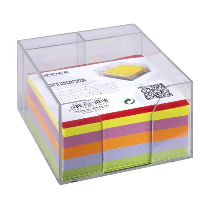 Organizér na stôl s farebnými lepiacimi papierikmi, odolný a odolný voči praskaniu. 3 priehradky, vrátane: 2 priehradiek na perá, 1 priehradky na lepiace papieriky (súčasťou balenia). Rozmery priehradky na papieriky: 85 x 85 mm. Rozmery papierikov: 82 x 82 mm. Rozmery nádoby: 108 x 90 x 55 mm. Farba: priehľadná.
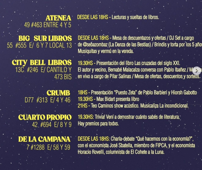 Durante la jornada, los asistentes podrán disfrutar de todo tipo de actividades, tales como charlas, lecturas, música, ofertas y sorteos, entre otras. Las librerías participantes son las siguientes:
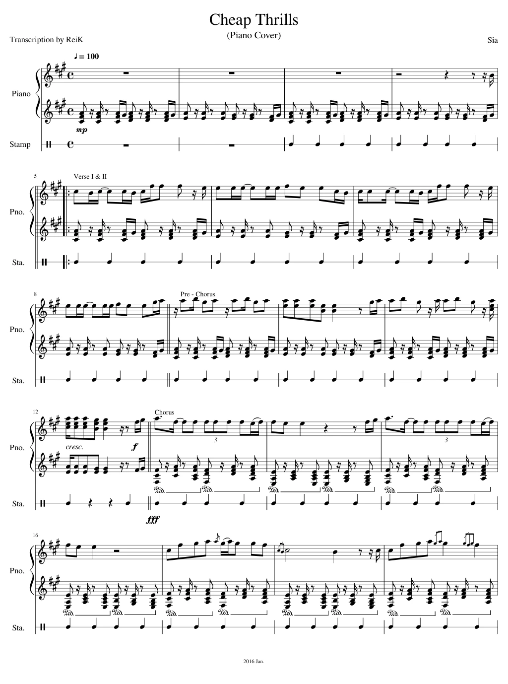 Cheap Thrills Sia Piano Cover Reik Sheet Music For
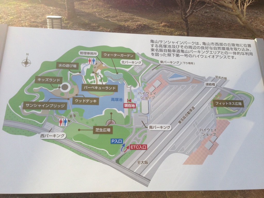東名阪道亀山パーキングエリアの上り線にある県営公園(ハイウェイオアシス)。下り線からも橋を渡って入る事ができ、一般道からも使える駐車場もあります(車が無い場合は亀山駅からシャープ方面行きのバスを利用)。
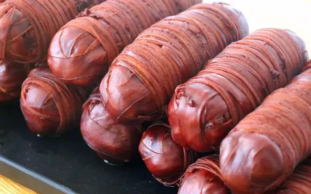 湖南捆鸡,这款分荤素两种的小吃,是长沙美食文化中的一朵奇葩。肉捆鸡是用鸡肠、鸭肠、猪小肠等捆卷成火腿状,在特制卤水中卤煮而成。每一口咬下去,都能感受到浓郁的卤香味和独特的口感。
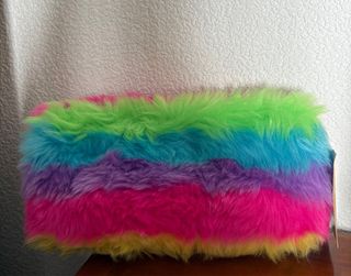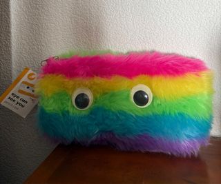 Estuche de peluche con un diseño divertido de arcoíris y ojos. - Colores vibrantes: rosa, amarillo, verde, azul y morado. - Textura suave y esponjosa. - Cierre de cremallera. -Cualquier cosa no dude en consultar.
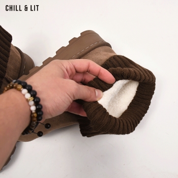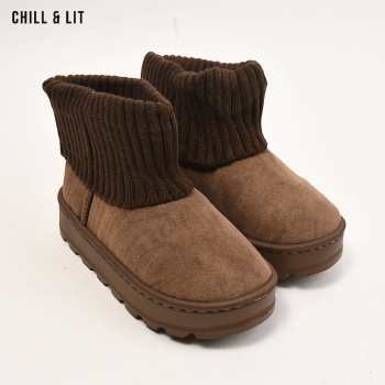 Bottines en Daim pour Femme avec Doublure Ultra Chaude et Douce, Tige à Hauteur 11cm et Semelle Hauteur 4.5cm Tendance cet Hiver.  Pointure sur la photo : 37.
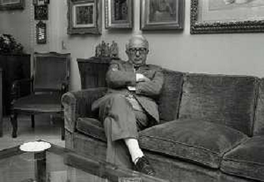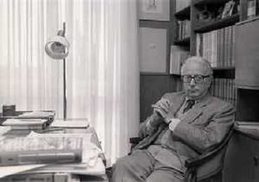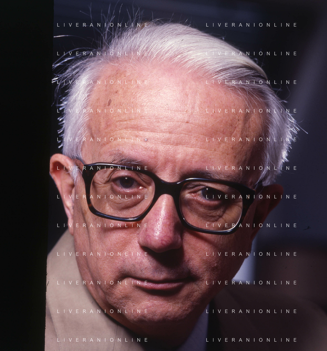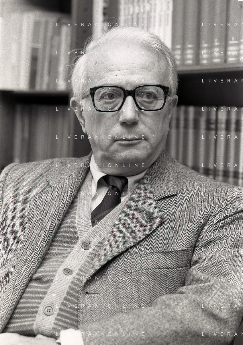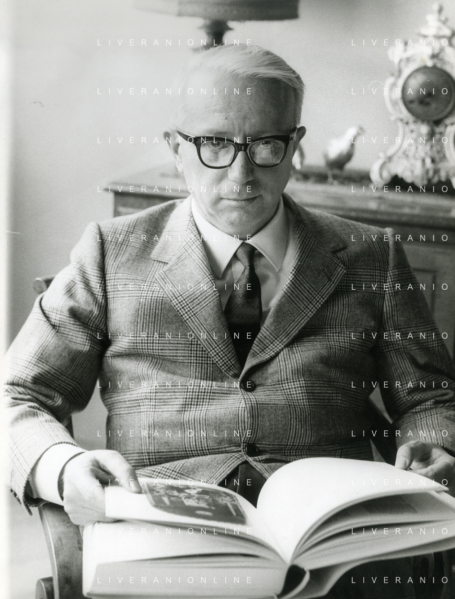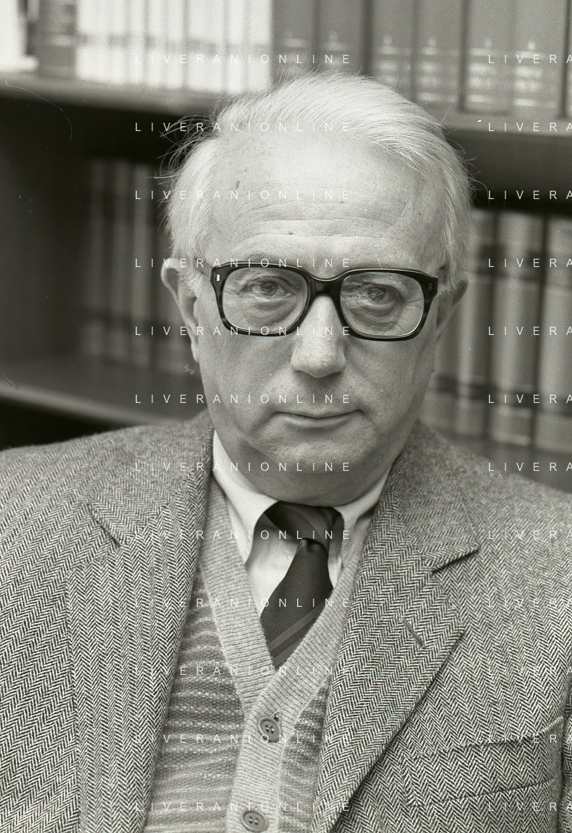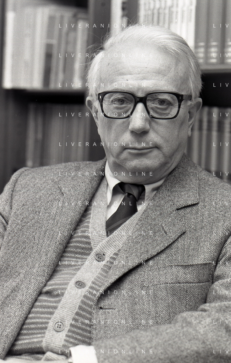 RETROSPETTIVA ENZO BIAGI GIORNALISTA E SCRITTORE E CONDUTTORE TELEVISIVO NELLA FOTO ENZO BIAGI NELL'ANNO 1985 NELLA SUA ABITAZIONE A MILANO AG ALDO LIVERANI SAS
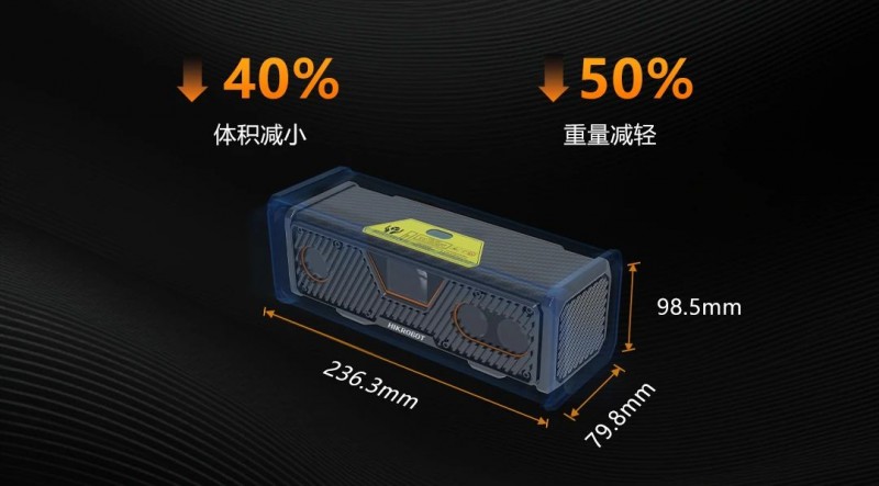 新一代激光振鏡立體相機全系列采用輕量化設計,以小視野高精度的DLS300P為例,相機的體積減小約40%,重量減輕約50%。在臂載式安裝(Eye in Hand)應用時,能夠有效減輕機械臂末端負載,提升系統可達性,滿足更廣泛的應用場景。

• [Task to complete] In the listing above, find the line containing "Durante la jornada, los" and the line containing "湖南捆鸡,这款分荤素两种的小", then print exactly those two lines and every line between them, minus the pictures.

• [Exercise response]
 Durante la jornada, los asistentes podrán disfrutar de todo tipo de actividades, tales como charlas, lecturas, música, ofertas y sorteos, entre otras. Las librerías participantes son las siguientes:
 Cheap Thrills Sia Piano Cover Reik Sheet Music For
東名阪道亀山パーキングエリアの上り線にある県営公園(ハイウェイオアシス)。下り線からも橋を渡って入る事ができ、一般道からも使える駐車場もあります(車が無い場合は亀山駅からシャープ方面行きのバスを利用)。
 湖南捆鸡,这款分荤素两种的小吃,是长沙美食文化中的一朵奇葩。肉捆鸡是用鸡肠、鸭肠、猪小肠等捆卷成火腿状,在特制卤水中卤煮而成。每一口咬下去,都能感受到浓郁的卤香味和独特的口感。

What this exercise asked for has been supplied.